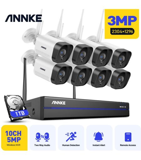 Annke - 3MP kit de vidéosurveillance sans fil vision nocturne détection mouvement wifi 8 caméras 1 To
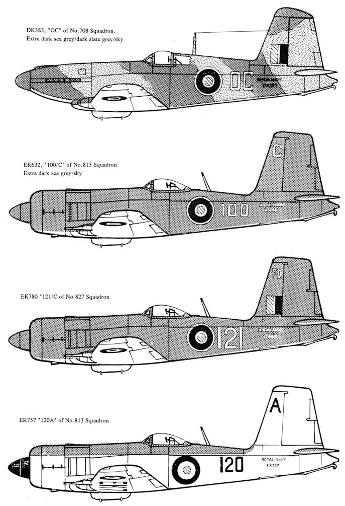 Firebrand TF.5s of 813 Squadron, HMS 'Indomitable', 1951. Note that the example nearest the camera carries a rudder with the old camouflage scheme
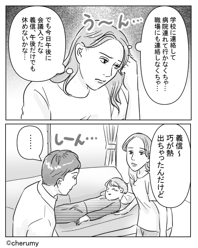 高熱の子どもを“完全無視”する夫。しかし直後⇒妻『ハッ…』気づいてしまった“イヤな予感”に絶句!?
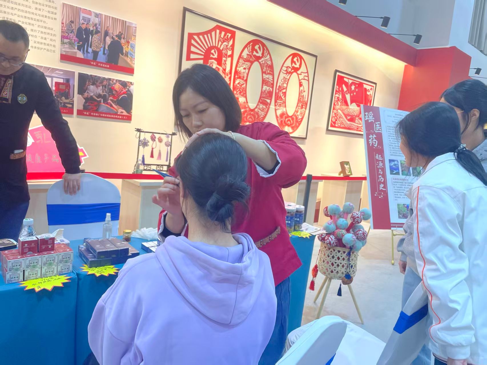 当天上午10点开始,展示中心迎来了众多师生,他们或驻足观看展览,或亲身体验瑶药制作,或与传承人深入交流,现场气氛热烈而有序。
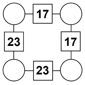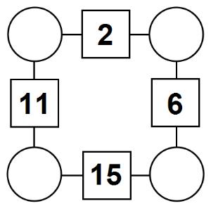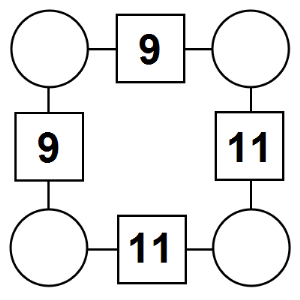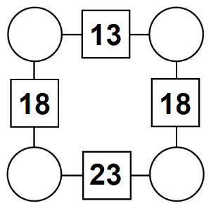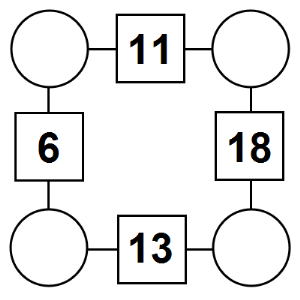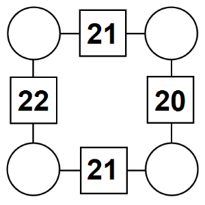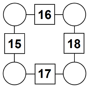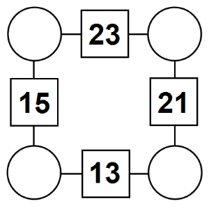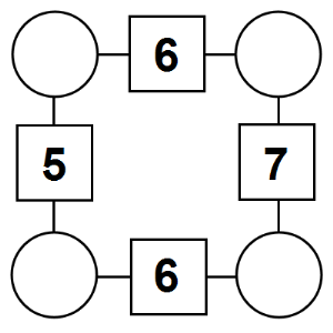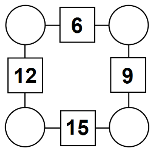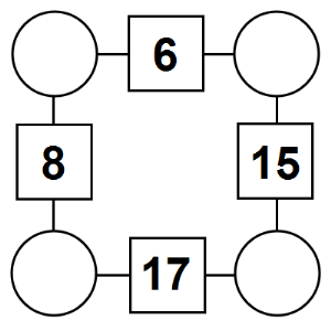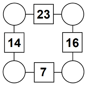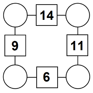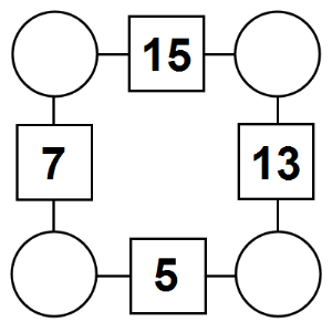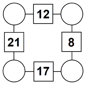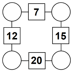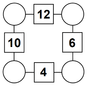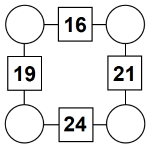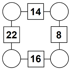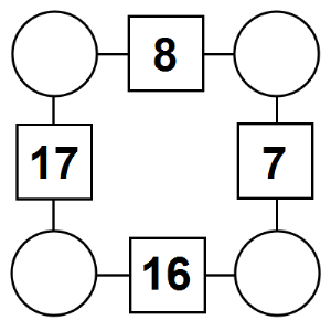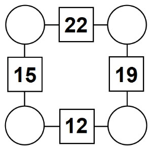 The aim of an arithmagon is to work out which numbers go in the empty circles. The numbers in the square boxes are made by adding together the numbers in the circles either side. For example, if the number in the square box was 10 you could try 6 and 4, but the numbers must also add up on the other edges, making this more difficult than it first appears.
····················
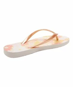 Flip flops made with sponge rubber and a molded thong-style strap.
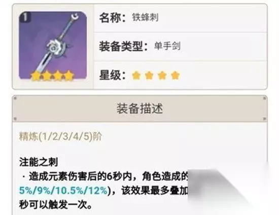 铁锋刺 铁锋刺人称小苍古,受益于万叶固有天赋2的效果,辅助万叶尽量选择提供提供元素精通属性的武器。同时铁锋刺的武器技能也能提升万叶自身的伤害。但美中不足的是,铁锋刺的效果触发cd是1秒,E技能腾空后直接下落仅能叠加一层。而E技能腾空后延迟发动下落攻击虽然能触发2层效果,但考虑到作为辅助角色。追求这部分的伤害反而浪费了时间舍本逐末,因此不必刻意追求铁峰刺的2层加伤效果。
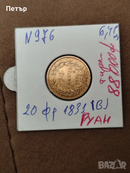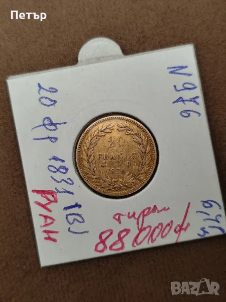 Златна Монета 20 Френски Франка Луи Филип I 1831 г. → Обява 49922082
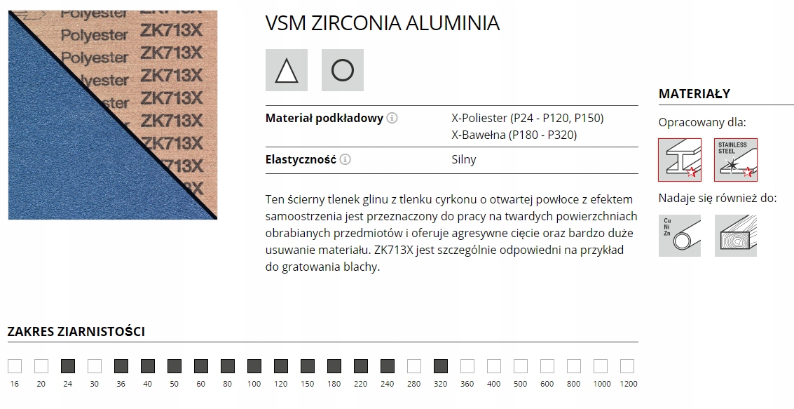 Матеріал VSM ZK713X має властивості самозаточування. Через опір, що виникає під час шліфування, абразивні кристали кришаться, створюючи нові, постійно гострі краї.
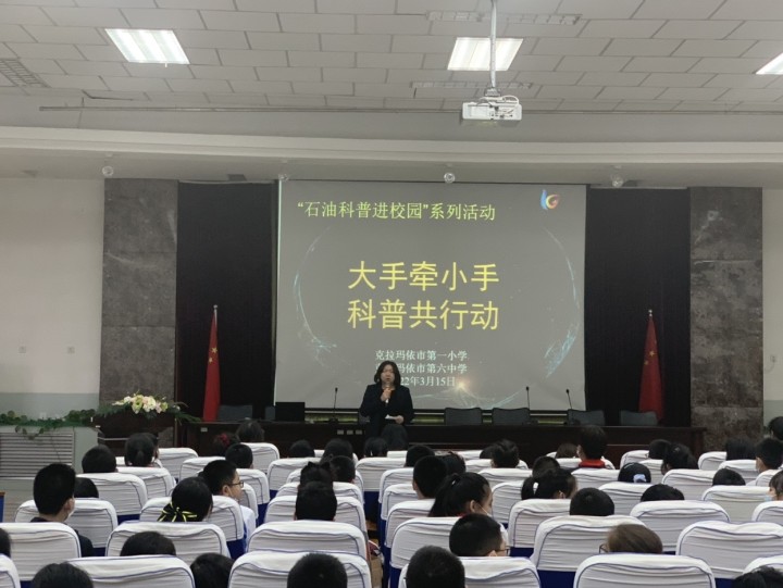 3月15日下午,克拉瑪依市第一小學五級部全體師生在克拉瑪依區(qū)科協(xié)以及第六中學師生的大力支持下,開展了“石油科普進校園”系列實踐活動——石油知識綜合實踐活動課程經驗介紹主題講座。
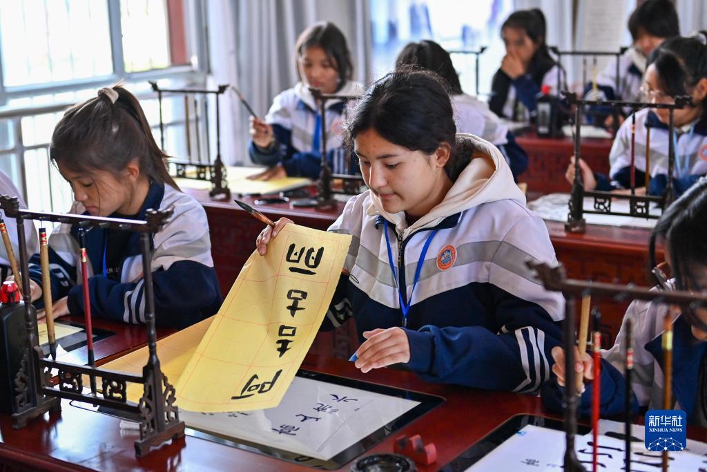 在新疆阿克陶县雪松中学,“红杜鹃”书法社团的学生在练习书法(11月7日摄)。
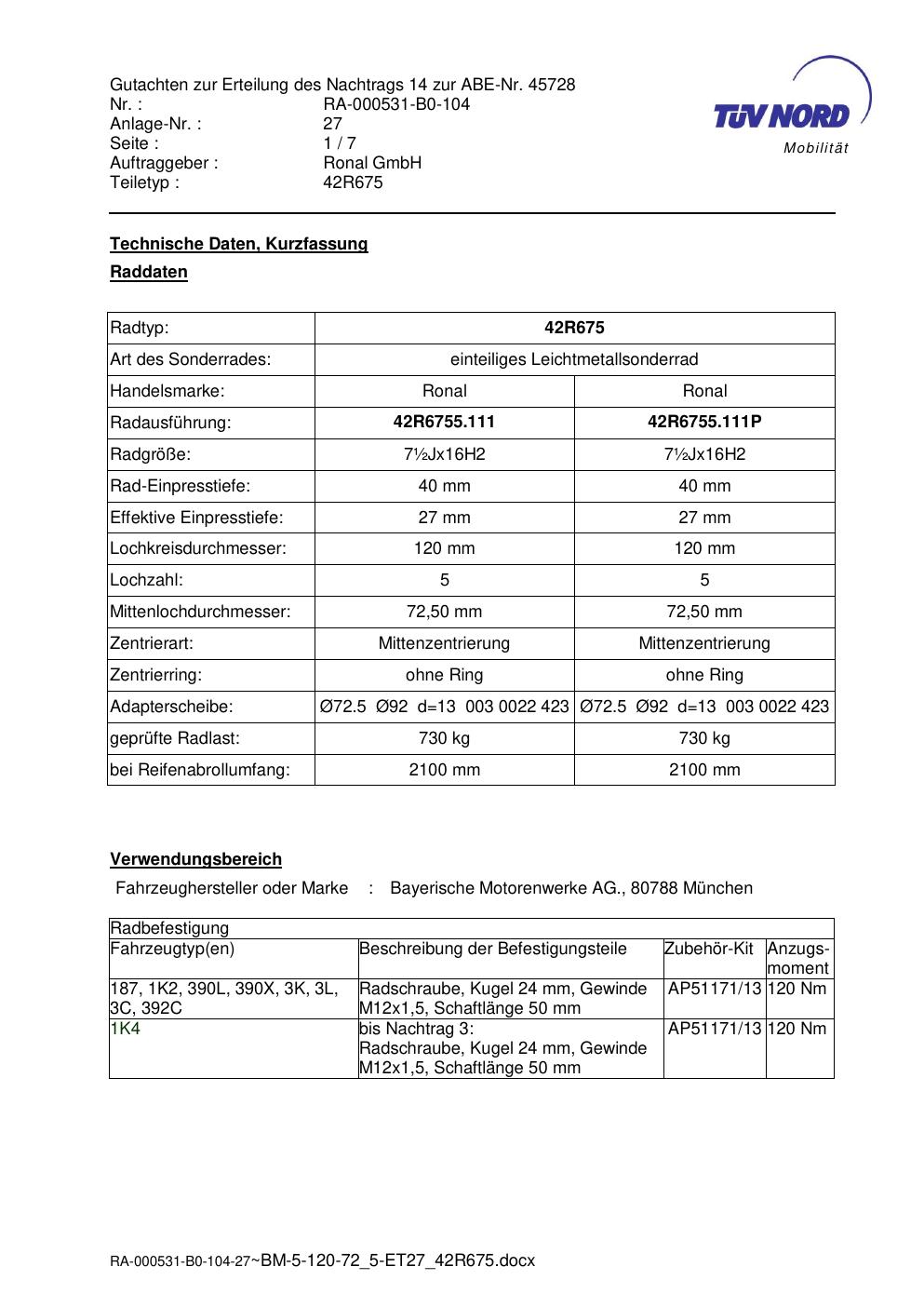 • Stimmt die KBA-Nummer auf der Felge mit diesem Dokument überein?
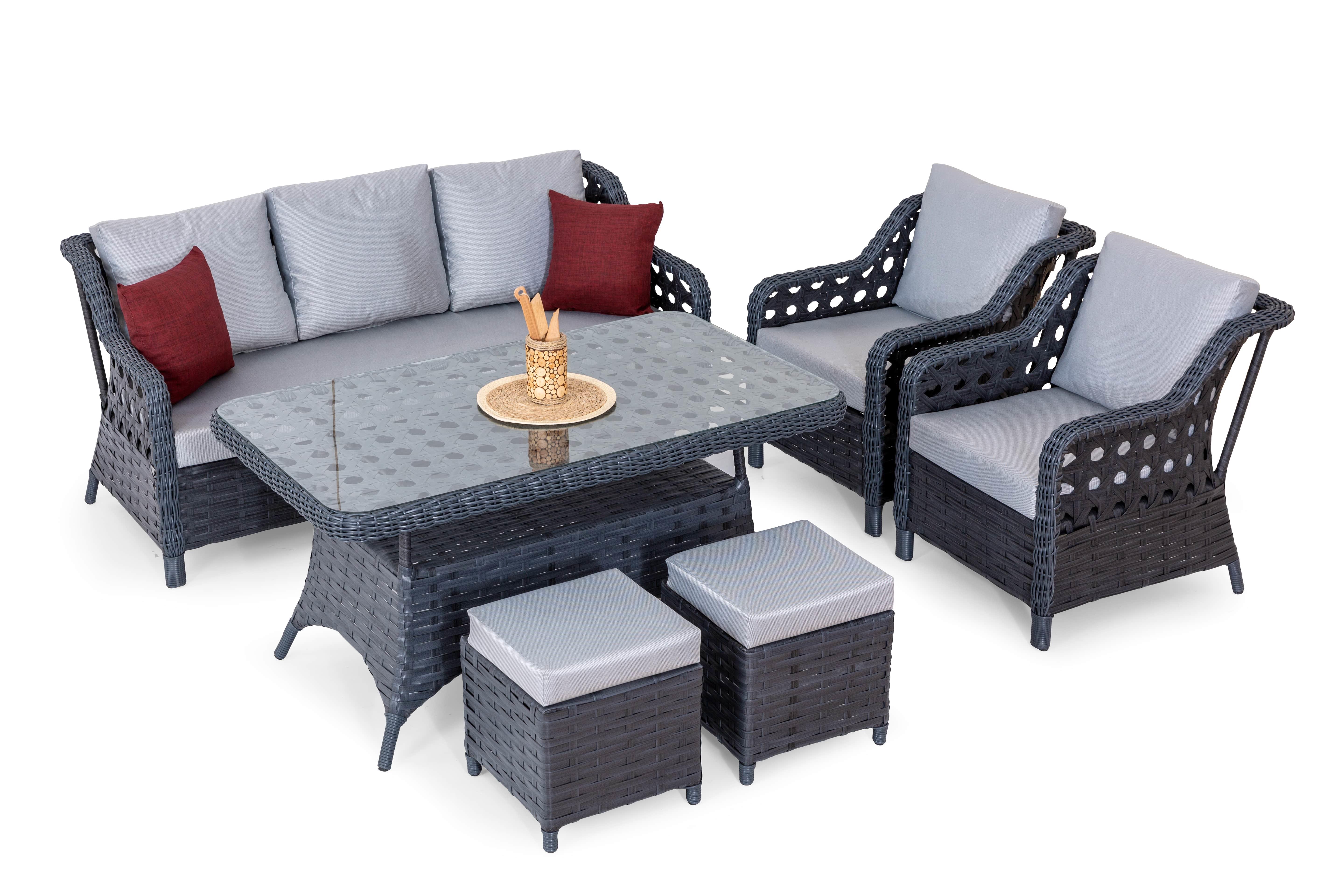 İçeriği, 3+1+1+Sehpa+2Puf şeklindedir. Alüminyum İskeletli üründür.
····················
§ **Task item**: Using the data above, copy exactly the lines from the one containing "Annke - 3MP" to the one containing "Firebrand TF.5s of", inclusive. Exclude the pictures.

§ **Expected answer**:
 Annke - 3MP kit de vidéosurveillance sans fil vision nocturne détection mouvement wifi 8 caméras 1 To
 Firebrand TF.5s of 813 Squadron, HMS 'Indomitable', 1951. Note that the example nearest the camera carries a rudder with the old camouflage scheme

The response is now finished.